Buckets used for efficient querying. Buckets in hive provide an effective way of segregating hive tables data into multiple files or directories.

  • The data i.e. present in that partitions can be divided further into Buckets
  • The division is performed based on Hash of particular columns that we selected in the table.
  • Buckets use some form of Hashing algorithm at back end to read each record and place it into buckets
  • In Hive, we have to enable buckets by using the set.hive.enforce.bucketing=true;

Step 1) Creating Bucket as shown below.

Data operations in Hive

From the above screen shot

  • We are creating sample_bucket with column names such as first_name, job_id, department, salary and country
  • We are creating 4 buckets overhere.
  • Once the data get loaded it automatically, place the data into 4 buckets

Step 2) Loading Data into table sample bucket

Assuming that"Employees table" already created in Hive system. In this step, we will see the loading of Data from employees table into table sample bucket.

Before we start moving employees data into buckets, make sure that it consist of column names such as first_name, job_id, department, salary and country.

Here we are loading data into sample bucket from employees table.

Data operations in Hive

Step 3)Displaying 4 buckets that created in Step 1

Data operations in Hive

From the above screenshot, we can see that the data from the employees table is transferred into 4 buckets created in step 1.

Views and Indexes

Views:

Views are Similar to tables, which are generated based on the requirements.
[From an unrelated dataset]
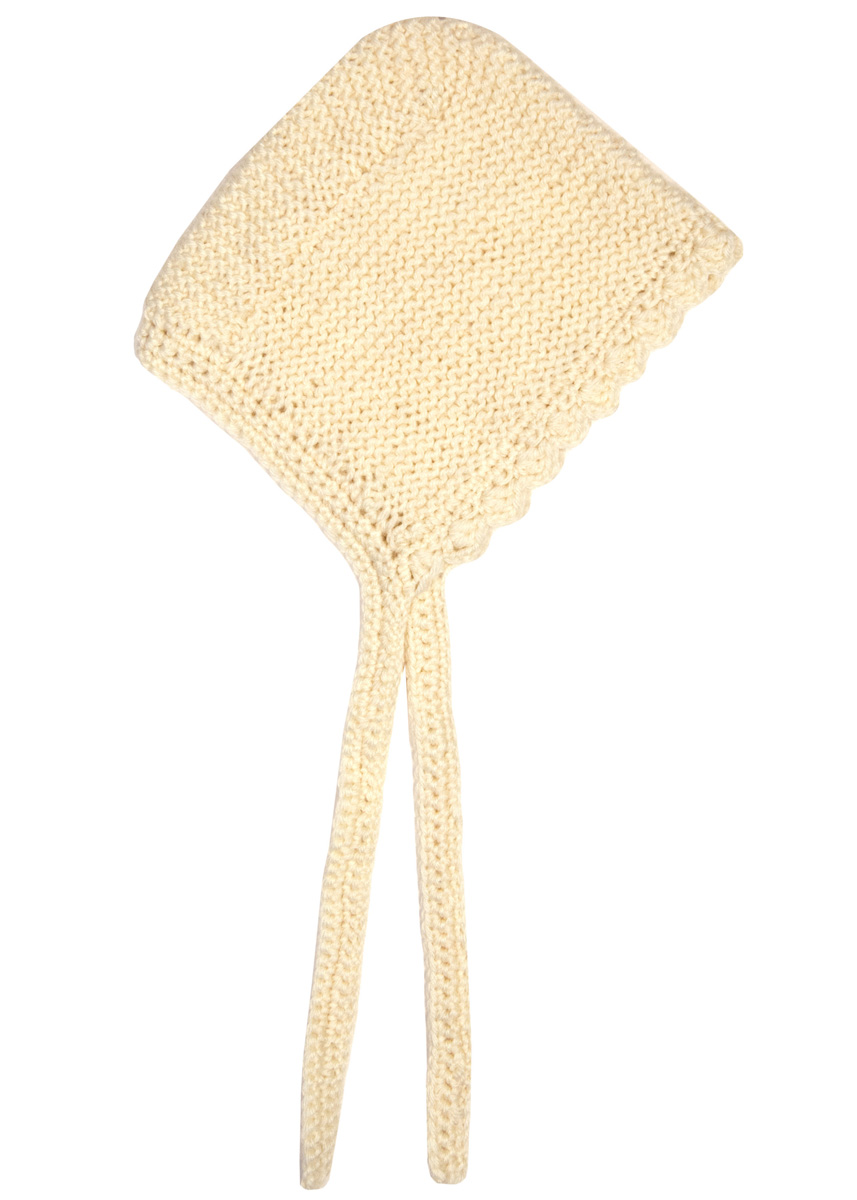Lana Grossa-kvalitet ”Cool Wool Cashmere” (90 % ren ny uld (ekstrafin merino), 10 % cashmere, løbelængde = ca. 160 m / 50 gr.): 50 gr råhvid (fv 12), strikkepinde nr. 3½, hæklenål nr. 3.

  • We can save any result set data as a view in Hive
  • Usage is similar to as views used in SQL
  • All type of DML operations can be performed on a view

Creation of View:

Syntax:

Create VIEW < VIEWNAME> AS SELECT

Example:

Hive>Create VIEW Sample_ViewAS SELECT * FROM employees WHERE salary>25000

In this example, we are creating view Sample_View where it will display all the row values with salary field greater than 25000.

Index:

Indexes are pointers to particular column name of a table.

  • The user has to manually define the index
  • Wherever we are creating index, it means that we are creating pointer to particular column name of table
  • Any Changes made to the column present in tables are stored using the index value created on the column name.

Syntax:

Create INDEX < INDEX_NAME> ON TABLE < TABLE_NAME(column names)>

Example:

Create INDEX sample_Index ON TABLE guruhive_internaltable(id)

Here we are creating index on table guruhive_internaltable for column name id.